**REQUIREMENT:**
Using the data below, return word for word every line from the one holding "Two Piece Black" down to the one holding "For all major". Leave pictures out.

**MATERIAL SUPPLIED:**
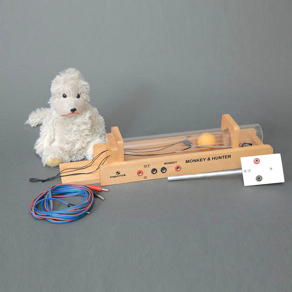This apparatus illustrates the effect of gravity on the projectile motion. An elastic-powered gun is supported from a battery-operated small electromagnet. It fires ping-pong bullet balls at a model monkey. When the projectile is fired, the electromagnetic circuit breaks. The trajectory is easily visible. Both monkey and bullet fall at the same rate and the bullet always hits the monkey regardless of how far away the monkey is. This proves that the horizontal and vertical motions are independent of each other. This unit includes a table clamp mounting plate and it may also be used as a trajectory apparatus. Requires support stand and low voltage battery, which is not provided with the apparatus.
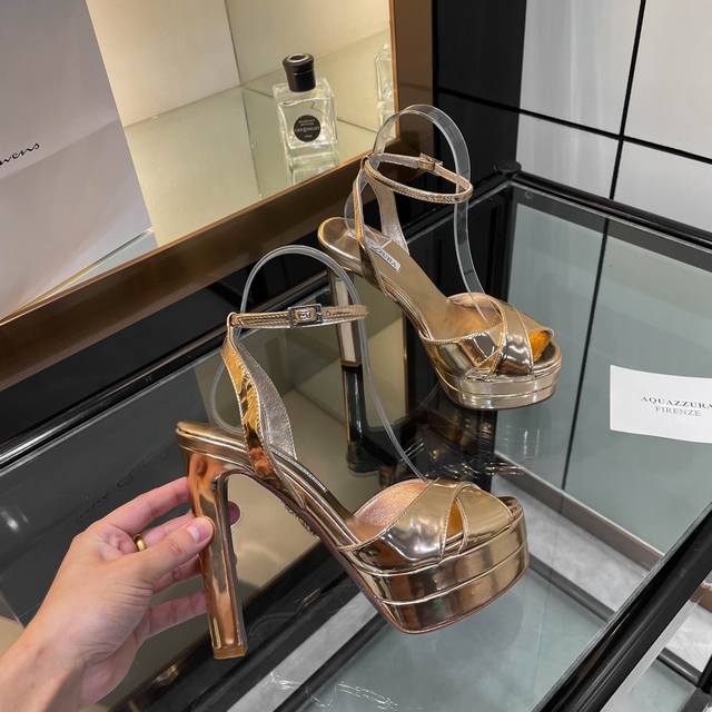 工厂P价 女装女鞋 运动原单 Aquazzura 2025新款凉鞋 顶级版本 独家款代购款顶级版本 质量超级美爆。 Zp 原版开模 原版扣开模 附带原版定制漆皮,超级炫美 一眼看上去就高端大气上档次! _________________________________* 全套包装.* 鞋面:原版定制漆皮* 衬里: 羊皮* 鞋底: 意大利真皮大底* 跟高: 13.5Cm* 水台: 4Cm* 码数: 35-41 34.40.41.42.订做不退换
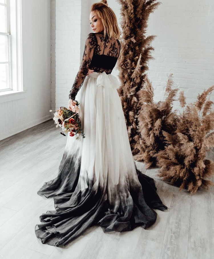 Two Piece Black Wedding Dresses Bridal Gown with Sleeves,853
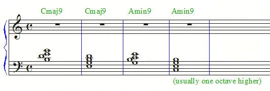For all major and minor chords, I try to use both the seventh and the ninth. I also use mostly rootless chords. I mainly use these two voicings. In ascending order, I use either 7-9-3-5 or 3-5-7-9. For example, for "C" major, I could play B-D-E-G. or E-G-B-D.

* * *

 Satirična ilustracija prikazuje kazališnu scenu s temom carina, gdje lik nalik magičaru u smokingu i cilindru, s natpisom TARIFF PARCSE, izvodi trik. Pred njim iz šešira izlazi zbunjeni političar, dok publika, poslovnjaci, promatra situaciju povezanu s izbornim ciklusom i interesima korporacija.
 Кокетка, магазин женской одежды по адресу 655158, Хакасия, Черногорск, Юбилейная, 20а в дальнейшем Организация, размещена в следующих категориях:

**WORKED SOLUTION:**
 Two Piece Black Wedding Dresses Bridal Gown with Sleeves,853
For all major and minor chords, I try to use both the seventh and the ninth. I also use mostly rootless chords. I mainly use these two voicings. In ascending order, I use either 7-9-3-5 or 3-5-7-9. For example, for "C" major, I could play B-D-E-G. or E-G-B-D.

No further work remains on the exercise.